Sources: Austin American-Statesman, KXAN, Washington Post / AP, FOX 7 Austin
Weird Austin
- Tesla robotaxi wait times are reportedly "Texas-sized" and detours are turning short trips into hour-long ordeals. The same week Austin declared itself the autonomous vehicle capital of America, critics are noting that actually booking one involves waits long enough to miss dinner — and when you do get picked up, some routes involve enough inexplicable detours that driving yourself would have been faster, cheaper, and significantly less existentially confusing.

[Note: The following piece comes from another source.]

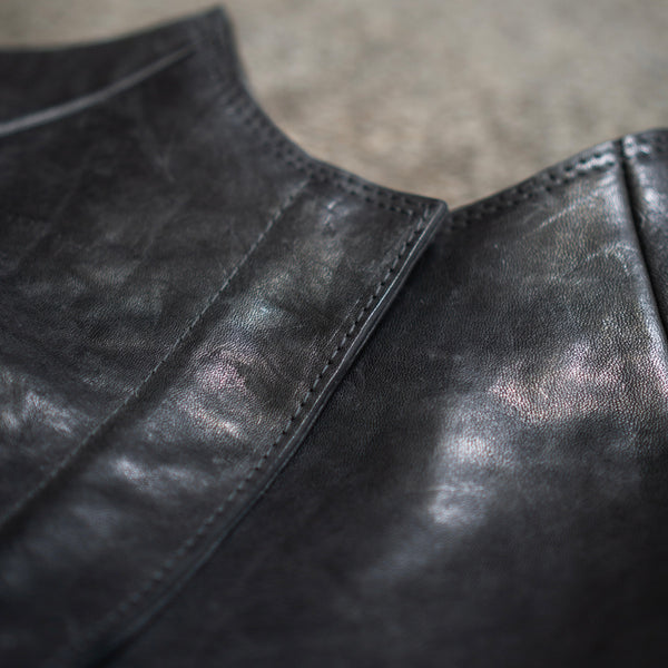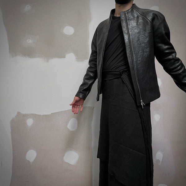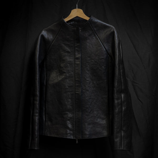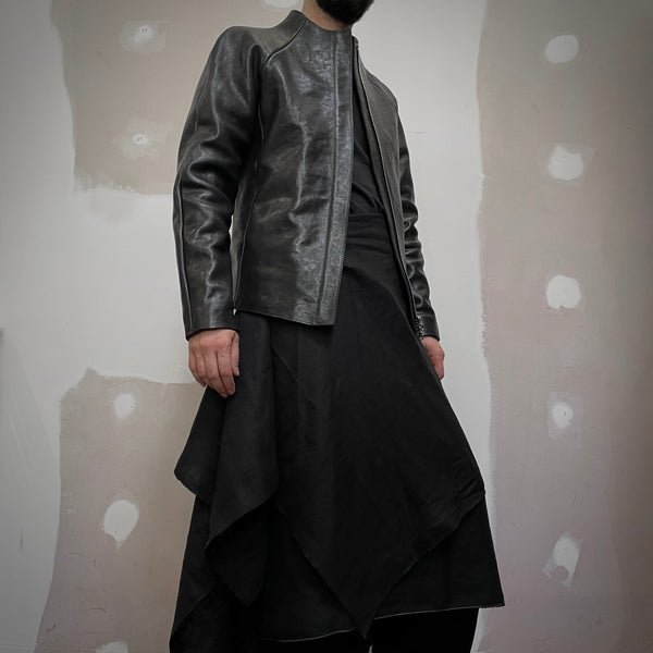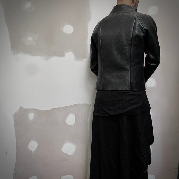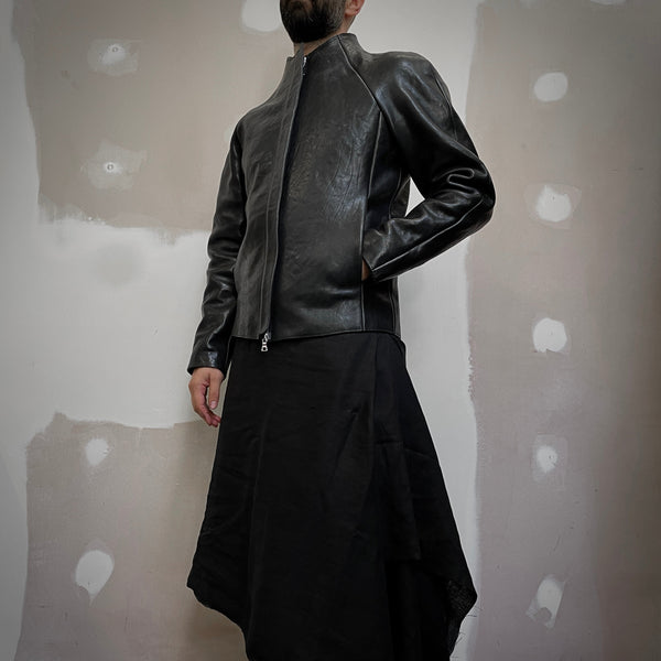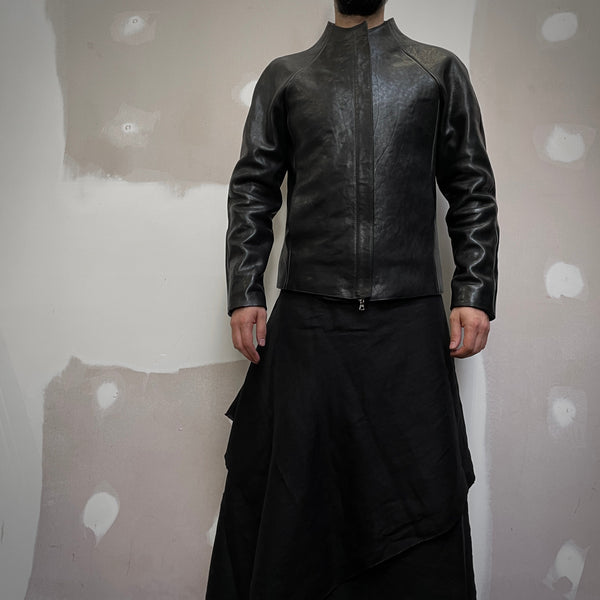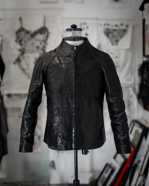 J05 leather jacket featuring raglan sleeves, in-seam pockets, a zip cover and the neckline of the jacket sweeps up to form a collar. All edges have been left raw and the seams have been hammered flat.

- Rhino USA wants 182 acres in Southeast Travis County to test flood rescue gear and off-road equipment. The company makes products for off-roading and flood rescues and needs, specifically, 182 acres in the Austin metro to put them through their paces — an extremely Texas sentence that somehow does not read as unusual here.
- An Austin bar that closed in 2024 just got rescued by the original owner's friend. The original owner's friend saw the closure, decided that was not acceptable, and stepped in to reopen it — which is the most Austin possible bar story and also a minor parable about what happens when people here actually care about something.
- An Austin restaurant moving to a new location decided, mid-move, to also add a bookstore. Why not do both? The only surprising thing is that more Austin restaurants haven't done this.
One Thing
Blue Origin is deploying $650 million to build a 1.3 million square foot aerospace hub in Williamson County. Austin city government is preparing to borrow money to pay $35 million for a wrongful conviction case from 1991. Both of these things are happening at the same time, in the same metro, and they describe the same fundamental gap that is the Austin story right now: Texas builds; Austin's government costs.